Re: [Pyparsing] C++ Comments and a Backslash at the End of the Line.
Brought to you by:
ptmcg
From: Paul M. <pa...@al...> - 2006-10-05 13:31:21
|
> > Does this look better? > > > > cppStyleComment = > > Regex(r"(\/\*[\s\S]*?\*\/)|(\/\/(\\\n|.)*)").setName("C++ style > > comment") > > > > It seems to test out okay. I'll put it in the next update. > > Yes, thanks. > > Would you accept suggestions for equivalent regexps that > execute faster? > I'm thinking of parsing many C++ files frequently and could > use the speed. > Of course! Here is a suggestion for this regexp in particular: back before there was a Regex class in pyparsing, I built up these comment definitions from normal pyparsing constructs, and it looked like this: cStyleComment = Combine( Literal("/*") + ZeroOrMore( CharsNotIn("*") | ( "*" + ~Literal("/") ) ) + Literal("*/") ).streamline().setName("cStyleComment enclosed in /* ... */") restOfLine = Optional( CharsNotIn( "\n\r" ), default="" ).leaveWhitespace() dblSlashComment = "//" + restOfLine cppStyleComment = ( dblSlashComment | cStyleComment ) Note that both paths of cppStyleComment's alternation begin with a '/'. I was able to speed this up quite a bit by adding an assertive lookahead with pyparsing's FollowedBy: cppStyleComment = FollowedBy("/") + ( dblSlashComment | cStyleComment ) Essentially saying, "if the next character is not a '/', don't bother testing the rest of the expression." How does one do such a lookahead in re syntax?
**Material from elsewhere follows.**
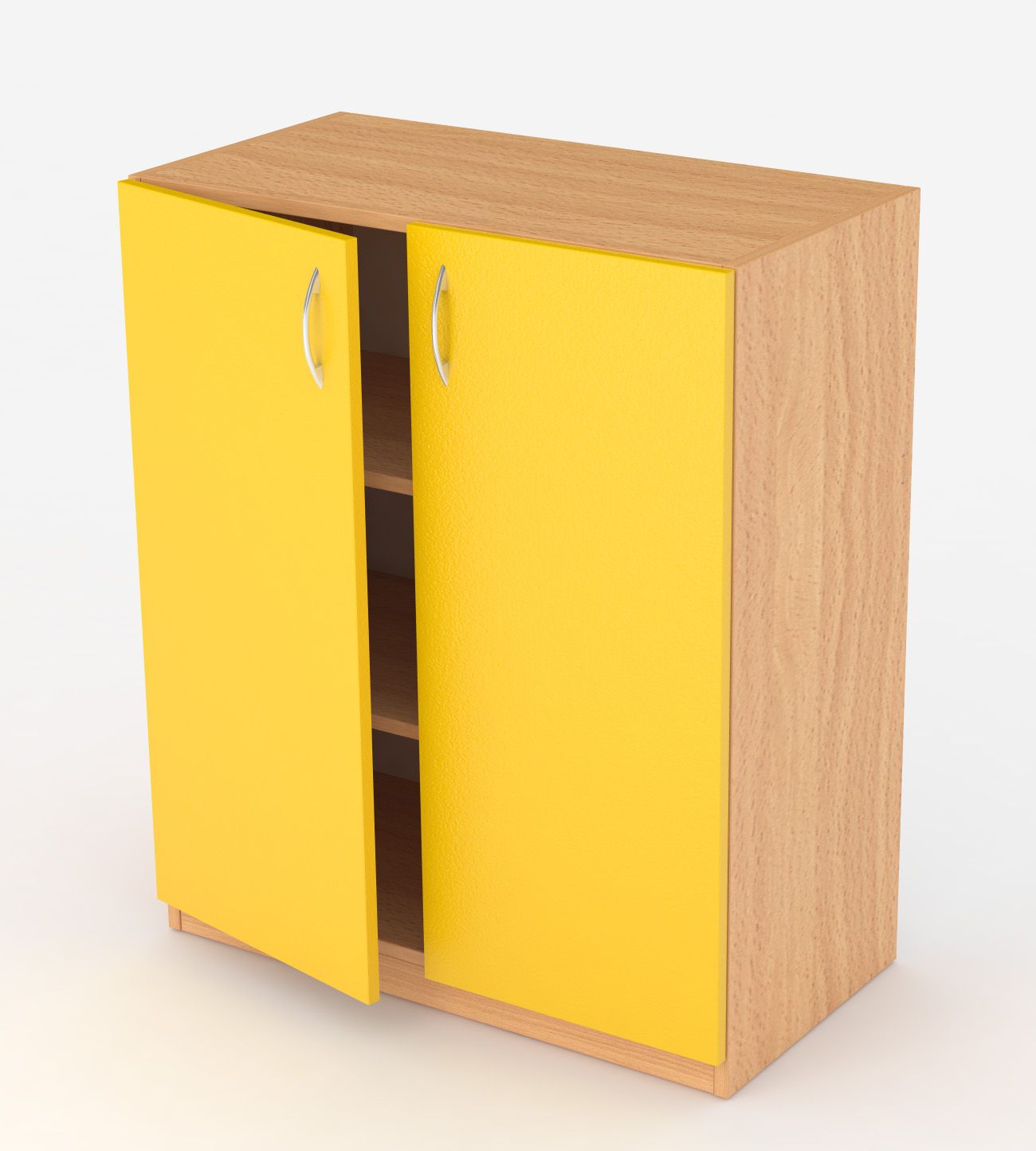 Dřevěná skříň s policemi a barevnými dvířky a s úchyty. Vhodná do kanceláří, kabinetů nebo ředitelny. Barevná dvířka lze sladit s barvou okolí. Korpusy a dvířka jsou vyráběny z materiálu LTD s ABS hranou v bukovém odstínu. Rozměr: 95 x 80 x 40 cm. Barevné provedení uveďte do poznámky u objednávky.

I bet that would speed up the re matching. (I just tested a version that refactors the leading '/' from both alternatives to the beginning of the re, with no appreciable speed improvement. My test suite is a large number of Verilog files, which is a fairly complex grammar that uses C++-style comments. I suspect that the reason that adding FollowedBy("/") made such a difference before was because the other comment processing was so slow.) In other expressions, I have done some testing for performance. Here's what I've found: - an re matching for "[A-Z]" is not appreciably faster than "[ABCDEFGHIJKLMNOPQRSTUVWXYZ]" - there is little/no advantage in using re's that compile faster - runtime matching far outweighs setup/compile time performance But I will be the first to admit that I am no re expert, and I *WELCOME* any suggestions you might have on tuning up the re's in pyparsing! -- Paul |